To that end Edward Chancellor, financial historian and founding Breakingviews columnist, will examine five critical, still unresolved, problems stemming from the crisis response, particularly the move by global central banks, led by the Federal Reserve, to drastically lower interest rates to zero. These include speculative financial bubbles, widespread misallocation of capital, the return of the so-called carry trade, China’s shaky finances and the rise of populism due to wealth inequality.

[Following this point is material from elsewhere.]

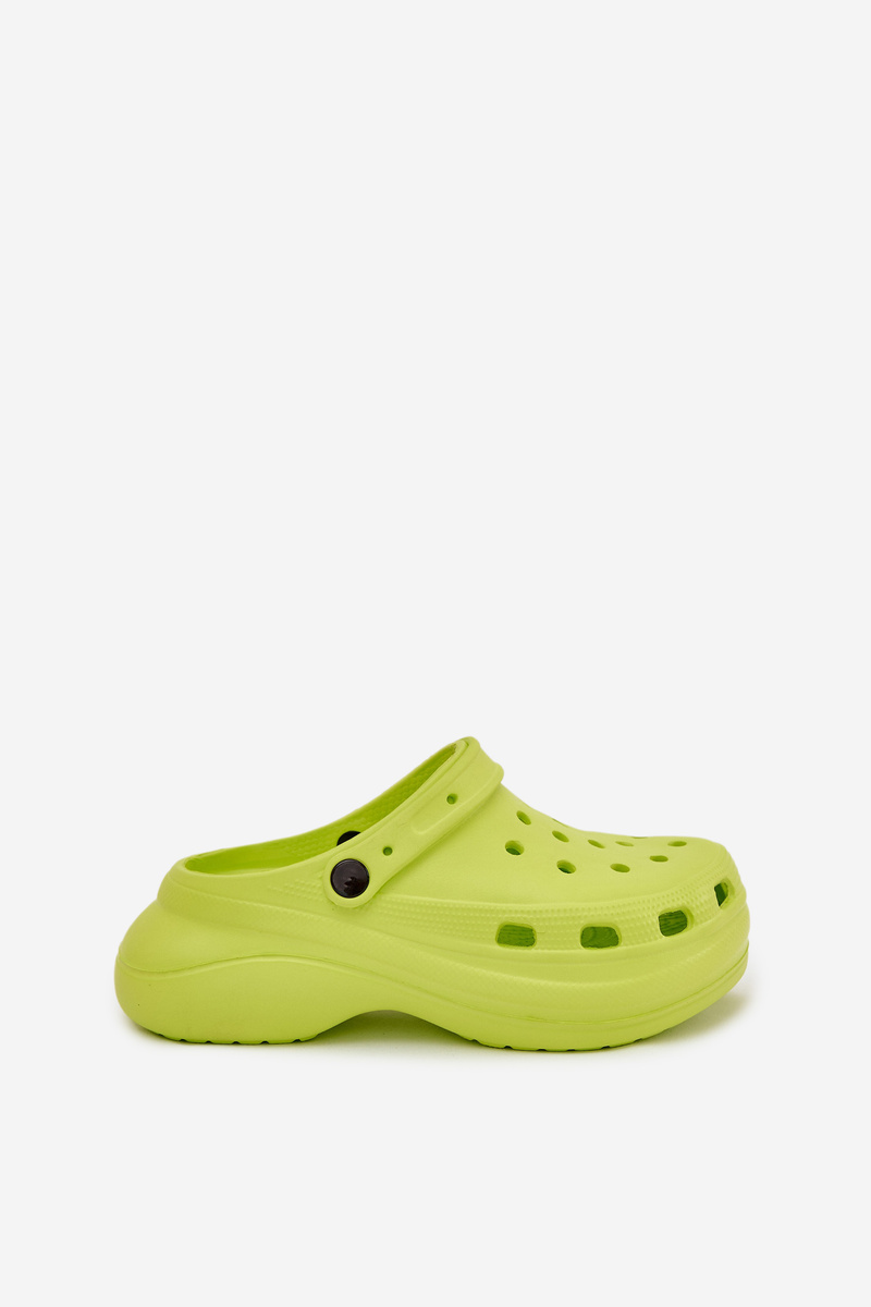 Dámské pantofle vyrobené z pěnového materiálu. Vložka s výstupky způsobuje, že nohy nebudou tak unavené, ani po celém dni nošení. Pohyblivý pásek chrání před posouváním nohy. Boty jsou usazeny na masivním podpatku a platformě. Ideální model na práci na zahradě nebo používání doma místo bačkor. Otvory v lýtkové části umožňují odpovídající ventilaci obuvi. Při výběru velikosti prosíme řídit se tabulkou velikostí. Při výběru velikosti se řiďte tabulkou velikostí.

Lehman’s collapse sits at the epicenter of the tumult a decade ago. As Antony Currie will explain, its bankruptcy offers a sobering lesson in the destructive power of hubris. Chief Executive Dick Fuld and his lieutenants had successfully navigated several earlier financial crises. That bred overconfidence, prompting them to ignore their own risk-management tenets, not to mention the critiques of short-sellers, while regulators stood idle.

The consensus today is that banks are more stable, largely thanks to the failure of Lehman and others, prompting lawmakers and regulators to demand institutions hold more capital. But for investors in some of the companies that limped out of the crisis that’s of little comfort. American International Group, for one, still isn’t back to profitable growth, and the insurer trades at a discount to book value. As Richard Beales will observe, “Investors don’t yet accept that the company’s dismal recent past is behind it. Maybe that’s something AIG can achieve in 2019, its centennial year.”

Peter Thal Larsen reflects on how the loss of confidence in bankers sparked a broader crisis of trust that has since afflicted economists, politicians and the media. Edward Hadas writes that the crash taught excessive credit growth is dangerous but it left many big questions unanswered. For instance, what drives inflation? Are big trade deficits dangerous or irrelevant? Are derivatives and hedge funds evil, irrelevant or stabilizing?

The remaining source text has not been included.